The key metric in selection research is predictive validity. This is a correlation coefficient (r) that measures how reliably a hiring method predicts future job performance and is displayed as a decimal figure from 0 to 1 (e.g. r = .38).

A score of 0 means the method has absolutely no correlation with job performance at all. Whereas, a score of 1 would mean perfect prediction (think "crystal ball" level insights).

In practice, r = .50 or above is considered excellent, and most selection methods fall below that level.

Researchers measure validity by administering a selection method to candidates, hiring some of them, and then tracking how those hired candidates actually perform on the job. The limitation is that you can only measure the people who got hired. If a company consistently hires higher-scoring candidates, you're only seeing part of the picture, which makes the true relationship between test scores and job performance harder to detect.

Researchers correct for this using statistical adjustments for "restriction of range" and "measurement error". The adjusted figures are called operational validities, and those are what you'll see in the tables below. They represent what the validity would look like across the full applicant pool, not just the ones who made it through.

The two biggest studies cover 100 years worth of selection data

The most cited paper in the field of personnel selection (and frequently quoted by us), is Schmidt and Hunter's meta-analysis in 1998. It synthesised 85 years worth of selection research across 19 methods. It was then updated by Schmidt, Oh and Schaffer in 2016 to cover 100 years of data across 31 methods. Both studies came to broadly similar conclusions about the effectiveness of different hiring methods.

The table below shows zero-order operational validity (meaning the effectiveness of each method on its own) for predicting job performance, where a higher number means stronger predictive power.

Selection methodSchmidt & Hunter (1998)Schmidt, Oh & Shaffer (2016)
General mental ability (GMA).51.65
Work sample tests.54.33
Integrity tests.41.46
Structured interviews.51.58
Peer ratings.49.49
Job knowledge tests.48.48
Job tryout procedure (internships).44.44
Unstructured interviews*.38.58
Biographical data.35.35
Assessment centres.37.36
Conscientiousness tests.31.22
Reference checks.26.26
Job experience (years).18.16

*The 2016 figure for unstructured interviews is often contested. See the structured interviews section below for more info.

The biggest shift between studies is GMA, which rose from .51 to .65. This is due to the 2016 research using an improved statistical method that corrected more accurately for the narrow-population problem described earlier, revealing that the 1998 figure had been underestimating the true relationship between GMA and job performance.
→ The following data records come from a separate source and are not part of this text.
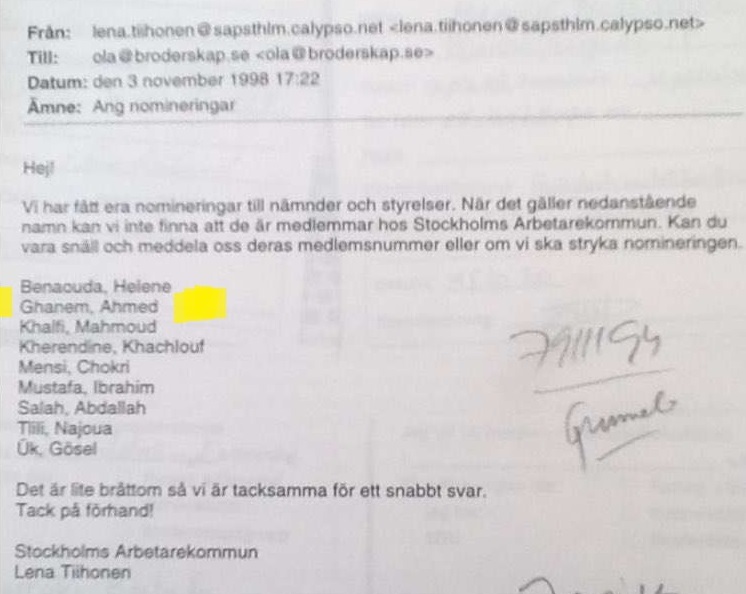 Enligt Egyptson har Ahmed Ghanem en bakgrund inom Socialdemokraterna. Det var Socialdemokrater för tro och solidaritet (STS) (även kallad Socialdemokratiska broderskapsrörelsen) som ska ha nominerat Ghanem till förtroendeuppdrag efter valet 1998.
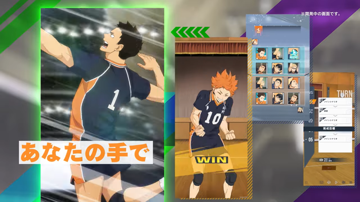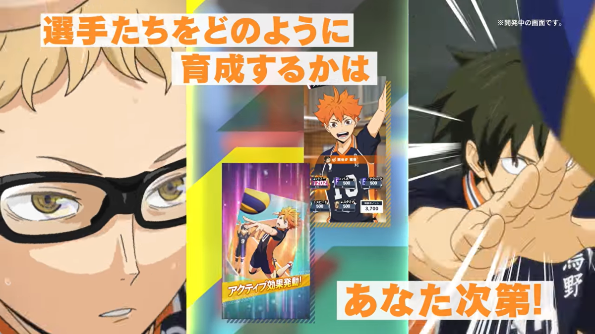 以「只属于自己的、以顶点为目标的故事」为宣传标语,预定作为动画《排球少年! ! 》的首款正统养成游戏推出的新款智慧型手机游戏。本作除了有全新的 2D 动画&插图,语音也是重新录制。选手们的培育方针全由玩家决定。决定想重点提升的能力值来安排训练菜单吧。接着就以培育完成的选手编组出自己专属的队伍参加比赛,以 ”顶点” 为目标吧。
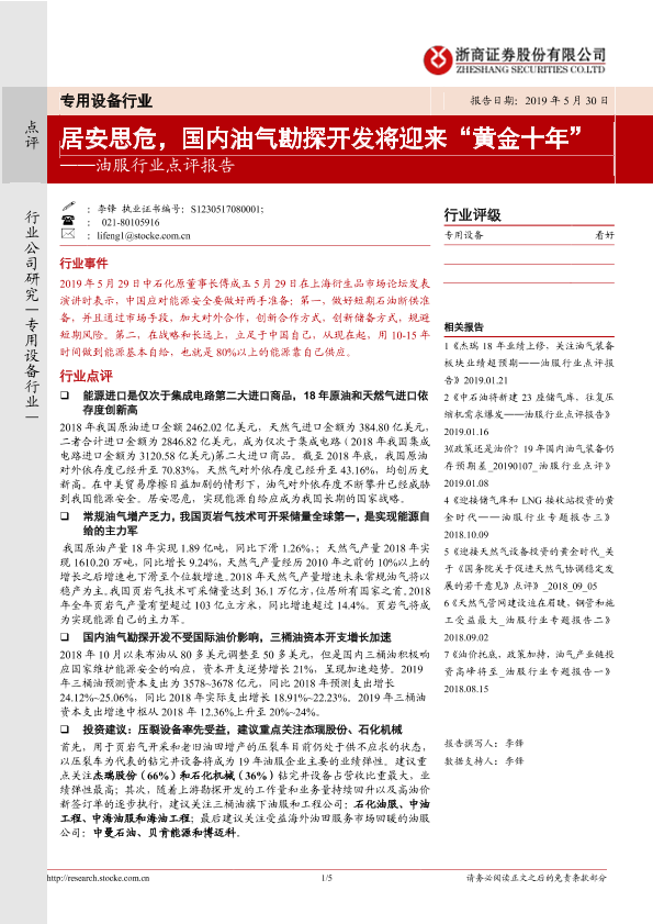 【浙商证券】【20190530】居安思危,国内油气勘探开发将迎来“黄金十年”-5页
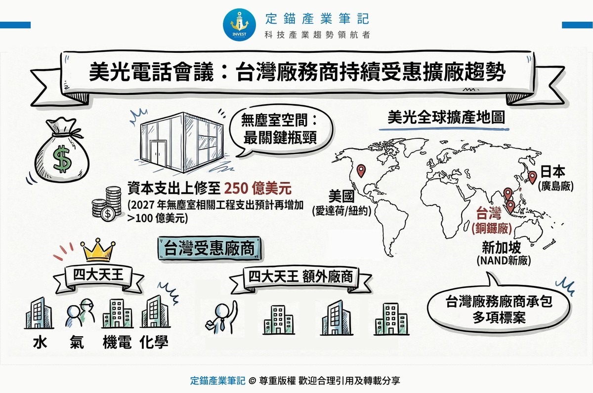 Micron不僅將2026年資本支出從200億美元上修至250億美元,並表示當中多數將投入無塵室擴充,且2027年投資於無塵室基礎建設的相關支出會再增加100億美元。
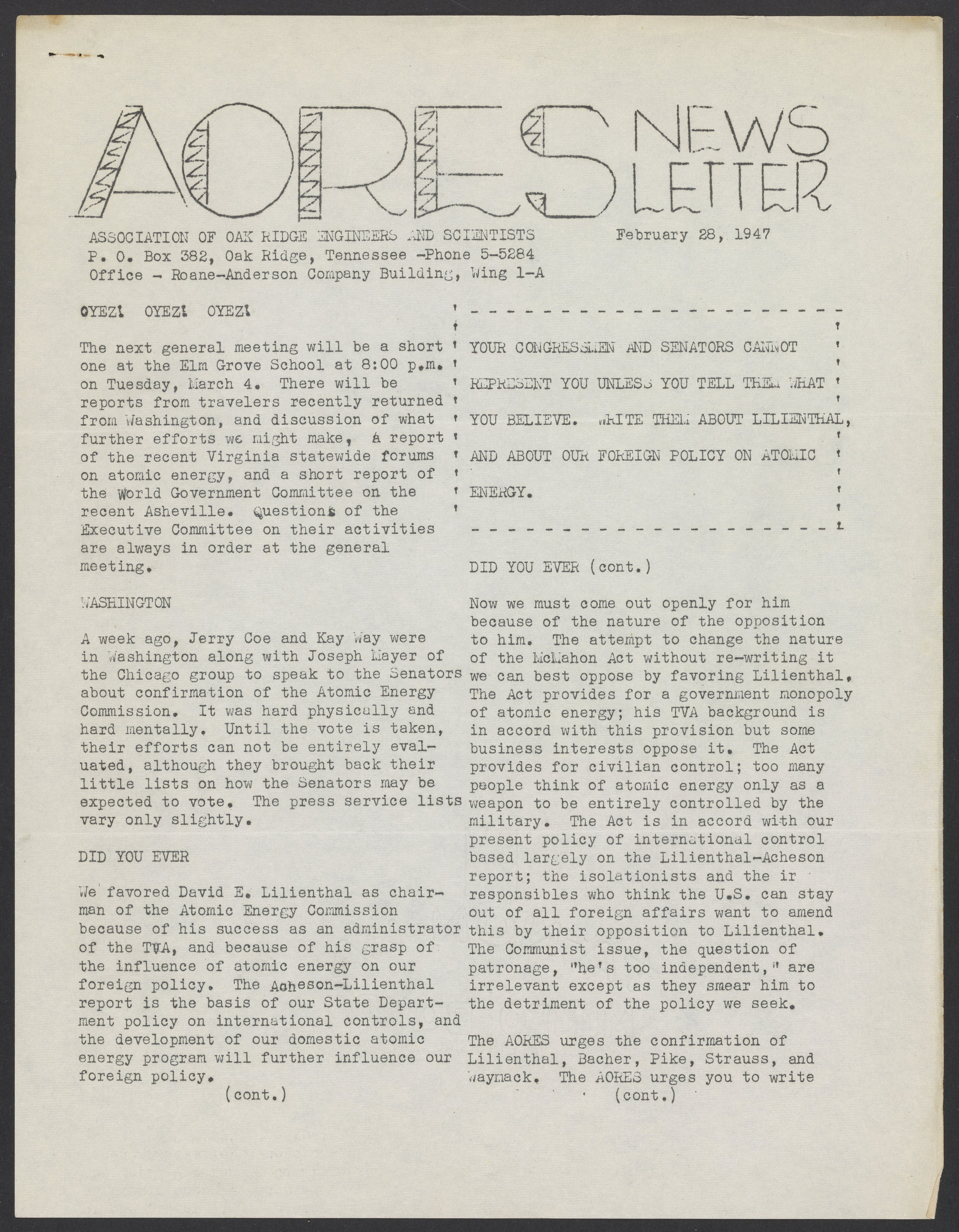 Newsletter for the Association of Oak Ridge Engineers and Scientists (AORES), February 28, 1947
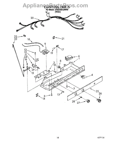 Parts for Whirlpool 3VED29DQAW00: 11 - Control Parts
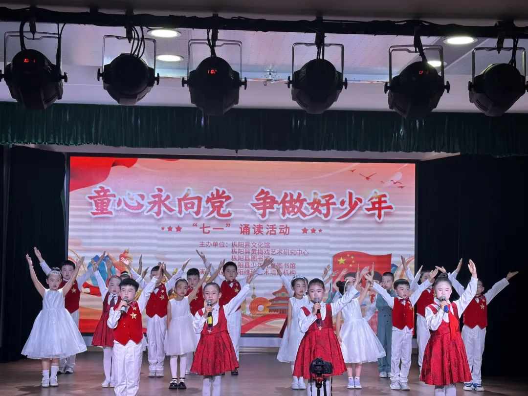为庆祝中国共产党建党103周年,厚植新时代少年儿童爱国主义情怀,传承红色文化,6月22日,由枞阳县文化馆、枞阳县黄梅戏艺术研究中心、枞阳县图书馆、枞阳县少年儿童图书馆主办,枞阳维珍艺术培训机构演出的“童心永向党 争做好少年”七一诵读活动在文化馆一楼小剧场开展。
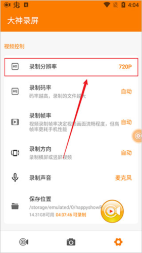 2、进入设置详情页面后,找到并点击“录屏分辨率”选项。
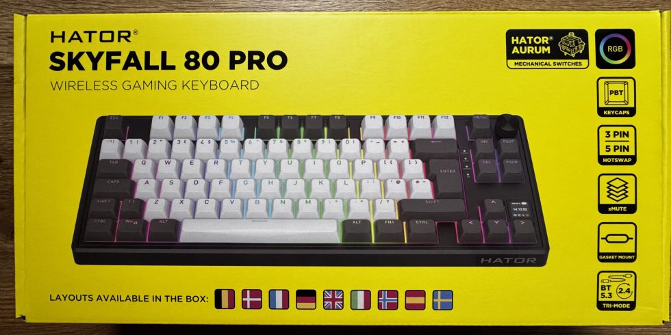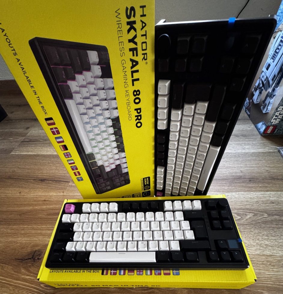 The Skyfall 80 Pro looks almost identical, but uses conventional mechanical Hator Aurum switches and offers hot-swap support for 3- and 5-pin switches. Features such as PBT keycaps, quiet damping, gasket-mount construction and tri-mode connectivity are also listed here.

The same improvement also raised the structured interview figure from .51 to .58.

Work sample tests moved in the opposite direction, falling from .54 to .33. The 2016 authors attribute this to a larger pool of primary studies including more service-sector roles, where hands-on simulations are harder to design and less predictive than in manual skilled trades (Roth, Bobko & McFarland, 2005). So the predictiveness of work sample tests vary depending on the sector and type of work.

What Schmidt, Oh, and Schaffer concluded from their 2016 paper

It's worth reading the direct findings from the Schmidt, Oh, and Shaffer 2016 paper itself as it summarises things well:

Employers must make hiring decisions; they have no choice about that. But they can choose which methods to use in making those decisions. The research evidence... shows that different methods and combinations of methods have very different validities for predicting future job performance. Some, such as person-job fit, person-organisation fit, and amount of education, have low validity... others, such as GMA tests and integrity tests, have high validity.

Of the combinations examined, two stand out as being both practical and high in composite validity: the combination of a GMA test and an integrity test (composite validity of .78); and the combination of a GMA test and a structured interview (composite validity of .76).

Both of these combinations can be used with applicants with no previous experience on the job (entry level applicants), as well as with experienced applicants. Both combinations predict performance in job training programs quite well (.78 and .72, respectively), as well as performance on the job. And both combinations are less expensive to use than many other combinations. Hence, both are excellent choices.

The validity of the personnel measure (or combination of measures) used in hiring is directly proportional to the practical value of the method—whether measured in dollar value of increased output or percentage increase in output. In economic terms, the gains from increasing the validity of hiring methods can amount over time to literally millions of dollars. However, this can be viewed from the opposite point of view: By using selection methods with low validity, an organization can lose millions of dollars in reduced production, reducing revenue and profits.”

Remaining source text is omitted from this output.